Правда, мы были еще невинны во всех смыслах; никогда еще слово любви не произносилось между нами. Это слово было смешно гордому человеку XIX века; оно давно им было разложено, разобрано по частям, каждая часть оценена, взвешена и выброшена за окошко, как вещь, несогласная с нашим нравственным комфортом; но я заговаривался с графинею в свете; но я засиживался у ней по вечерам; но ее рука долго, слишком долго оставалась в моей при прощании; но, когда она с улыбкой и с бледнеющим лицом сказала мне однажды: «мой муж на днях должен возвратиться… вы, верно, сойдетесь с ним» — я, человек, прошедший чрез все мытарства жизни, не нашелся, что отвечать, даже не мог вспомнить ни одной пошлой фразы и, как романтический любовник, вырвал свою руку, побежал, бросился в карету…

Нам обоим до сей минуты не приходило в голову вспомнить, что у графини есть муж! […] В первый раз в жизни я был в нерешимости; я почти не спал целую ночь, не спал — и от страстей, волновавшихся в моем сердце, и от досады на себя за это волнение; до сей минуты я так был уверен, что я уже неспособен к подобному ребячеству; словом, я чувствовал в себе присутствие нескольких независимых существ, которые боролись сильно и не могли победить одно другое.

Рано поутру мне принесли записку от графини; она состояла из немногих слов: «Именем бога, будьте у меня сегодня, непременно сегодня; мне необходимо вас видеть».

Слова: сегодня и необходимо были подчеркнуты.

Мы поняли друг друга; при свидании с графинею мы быстро перешли тот промежуток, отделявший нас от прямого выражения нашей тайны, которую скрывали мы от самих себя.

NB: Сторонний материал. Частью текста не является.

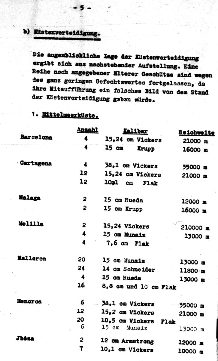 Вообще любопытно, когда из разных источников поступает документ в виде оригинала и его перевода. Именно в таком виде мне попали данные по береговой артиллерии Испании по состоянию на 1940 год. Для меня информация нужная, дающая часть информации по Гражданской войне в Испании (ибо береговая оборона не сильно изменилась в 1936 года. Думал, все будет просто и понятно, но первый же лист описания дал несколько заковыристых позиций. Итак... Барселона: -батарея 15,24-см береговых орудий Виккерса, образца 1915/24 года (4 шт., дальность стрельбы 21,6 км) Первая же позиция у нас встречается редко. Это не совсем Виккерс, это 152-мм/50 Vickers-Carraca — 152-миллиметровое корабельное орудие, разработанное для ВМС Испании английской компанией Vickers в 1915 году и выпускалось по лицензии «Артиллерийской мастерской Карраки» принадлежащей «Испанскому обществу военно-морского строительства» (SECN). Устанавливалось на легкие крейсера в одноорудийных и двухорудийных установках, а также использовалось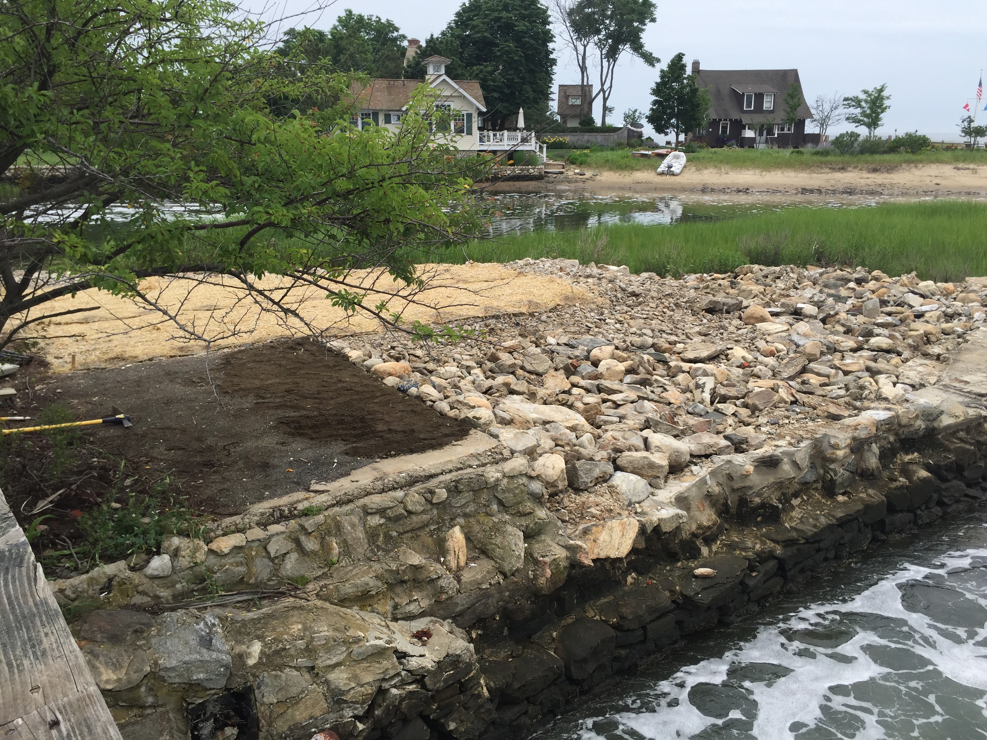A pair of summer cottages was built on a small marsh island in the narrow channel between Sherwood Millpond and Compo Cove, in Westport, CT. Construction involved filling of tidal wetlands to raise the ground level, as well as armoring the shoreline with boulders and seawalls

Первый акт житейской комедии, обыкновенно столь скучный и столь привлекательный, был уже сыгран; оставалась катастрофа — и развязка.

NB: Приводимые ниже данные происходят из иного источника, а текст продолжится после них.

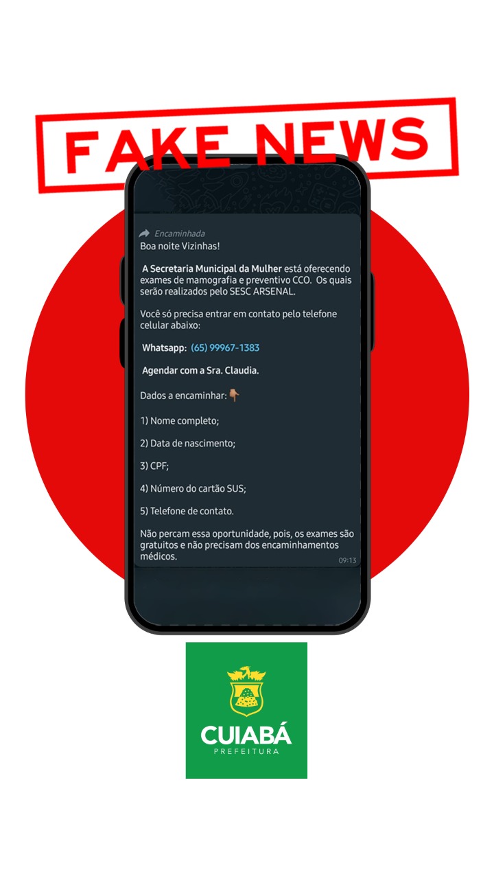 É falsa a mensagem que circula por meio de grupos de aplicativos celulares e por redes sociais de que a Secretaria Municipal da Mulher vem ofertando exames de mamografia e preventivo (CCO) por meio de questionário. O texto da mensagem fake destaca o nome e o número celular de uma servidora da pasta que estaria fazendo esta marcação. Na verdade, a campanha "Outubro Rosa – seja sua própria heroína”, uma parceria entre a Prefeitura de Cuiabá, através das Secretarias Municipais de Saúde e da Mulher e da Empresa Cuiabana de Saúde Pública e Núcleo de Apoio à Primeira-dama Márcia Pinheiro, e o Serviço Social do Comércio, realizará cerca de mil exames de mamografia e Citopatológico de Papanicolaou (CCO) ao longo do mês de outubro.

Мы долго не могли выговорить слова, молча смотрели друг на друга и с жестокосердием предоставляли друг другу право начать разговор.

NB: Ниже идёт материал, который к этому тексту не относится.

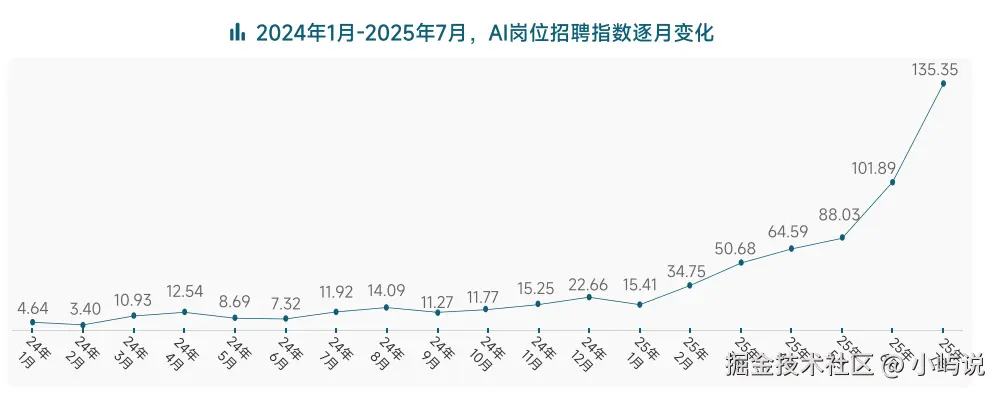 相当于每7个岗位中,就有1个迈入年薪百万行列。2025年1–7月,AI新发岗位数量同比增长10倍,上千家企业争夺超过7万个相关职位。

Наконец, она, как женщина, как существо более доброе, сказала мне тихим, но твердым голосом:

— Я звала вас проститься… наше знакомство должно кончиться, разумеется для нас, — прибавила она после некоторого молчания, — но не для света; вы меня понимаете… Наше знакомство! — повторила она раздирающим голосом и с рыданием бросилась в кресла.

Я кинулся к ней, схватил ее за руку… Это движение привело ее в чувство.

— Остановитесь, — сказала она, — я уверена, что вы не захотите воспользоваться минутою слабости… Я уверена, что если бы я и забылась, то вы бы первый привели меня в память… Но я и сама не забуду, что я жена, мать.

Лицо ее просияло невыразимым благородством.

Я стоял недвижно пред нею… Скорбь, какой никогда еще не переносило мое сердце, разрывала меня; я чувствовал, что кровь горячим ключом переливалась в моих жилах, — частые удары пульса звенели в висках и оглушали меня… Я призывал на помощь все усилия разума, всю опытность, приобретенную холодными расчетами долгой жизни… Но рассудок представлял мне смутно лишь черные софизмы: преступления, мысли гнева и крови: они багровою пеленою закрывали от меня все другие чувства, мысли, надежды…

В эту минуту дикарь, распаленный зверским побуждением, бушевал под наружностью образованного, утонченного, расчетливого Европейца.

Я не знаю, чем бы кончилось это состояние, как вдруг дверь растворилась, и человек подал письмо графине.

— От графа с нарочным.

Графиня с беспокойством развернула пакет, прочла несколько строк — руки ее затряслись, она побледнела.

Человек вышел. Графиня подала мне письмо. Оно было от незнакомого человека, который уведомлял графиню, что муж ее опасно занемог на дороге в Москву, принужден был остановиться на постоялом дворе, не может писать сам и хочет видеть графиню.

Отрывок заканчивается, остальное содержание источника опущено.